Danes hamstrung in European alliances by inflexible regulations

Virtual exchanges and microcredentials off the table until rules are redrawn

September 30, 2022
Copenhagen, Denmark - January 5, 2011 Nyhavn (New Harbor)in winter. It is waterfront, canal, entertainment district in Copenhagen in Denmark. It is lined by colorful houses, bars, cafes, wooden ships
Source: iStock

Strict regulations are locking frustrated Danish universities out of the most innovative parts of European university alliances, but looming elections mean that red tape is unlikely to be cut any time soon.

Seven universities in Denmark are in European Union-funded alliances, a part of the Erasmus+ programme increasingly focused on the legal integration of higher education within the bloc.

The alliance universities act as guinea pigs for trendy but tricky work on interdisciplinary curricula, challenge-based learning and virtual mobility, all of which can ruffle regulators’ feathers.

Under Danish law, student exchange must involve physical movement between countries, making the accreditation of short study trips tied to longer-term virtual learning impossible.

The physical-only definition was “highly problematic” for efforts to make international mobility accessible to disadvantaged students, who might not have the time or resources for longer trips, Kristian Lauta, vice-rector for education at the University of Copenhagen, told Times Higher Education.

Lise Thorup-Pedersen, who leads alliance work at Aalborg University, said joining in with other educational experiments was also impossible.

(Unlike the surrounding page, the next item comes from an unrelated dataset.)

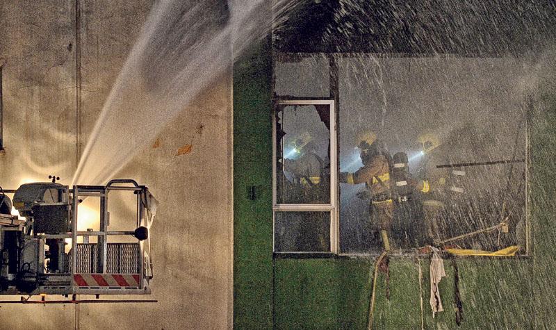 【明報專訊】釀成1死9傷的九龍灣迷你倉四級火,燃燒至今凌晨1時許已達38小時仍未受控,火勢更由大廈3樓蔓延至4樓,消防昨晚稱難以估計何時可救熄大火。對於高級消防隊長張耀升殉職,消防表示會調查是否涉及有人員指揮失當,強調當時張耀升奉召到火場拖喉救火,屬正常程序,又否認使用鼓風機會令火勢加劇。

“Microcredentials cannot be included in the existing study programmes as Danish universities have to pre-qualify and accredit all programmes,” she said. “At the same time, it is not possible to include flexible microcredentials as extracurricular activities in student diplomas, as this is not allowed.”

Copenhagen and Aalborg joined the first wave of EU-funded alliances in 2019, but the government has yet to put forward legislation that would allow their full participation.

“Even though we appreciate the ministry’s efforts to implement updated rules regarding virtual and blended mobility, the process has been prolonged and is not yet concluded,” said Jesper Langergaard, the director of Danish Universities, which represents all eight institutions in talks with the Ministry of Higher Education and Science.

“Universities are concerned that the long process reflects a general lack of political support to international university cooperation.”

They could be forgiven for such suspicions: Danish governments of many stripes have taken positions against internationalisation in recent years.

The previous conservative-liberal coalition cut more than 1,000 places on English-language programmes and switched others to Danish to reduce international student numbers.

The current centre-left but anti-immigration Social Democrat administration has not reversed the policy, which Professor Lauta said was driven by a reluctance to extend generous subsidies and low tuition fees to non-Danish EU students, a requirement under the bloc’s rules for equal treatment.

A rule that inbound and outbound exchanges must be financially balanced is another barrier to full participation in the alliances, he said.

The ministry has plans to table legislation removing the red tape before summer 2023, said Mr Langergaard, but political changes might make that promise hard to keep, with the prime minister, Mette Frederiksen, possibly facing a general election in the near future.

“For the last three years we’ve had, which is really the exception in Denmark, a one-party government. I think it’s safe to assume that will not continue after an election,” said Professor Lauta.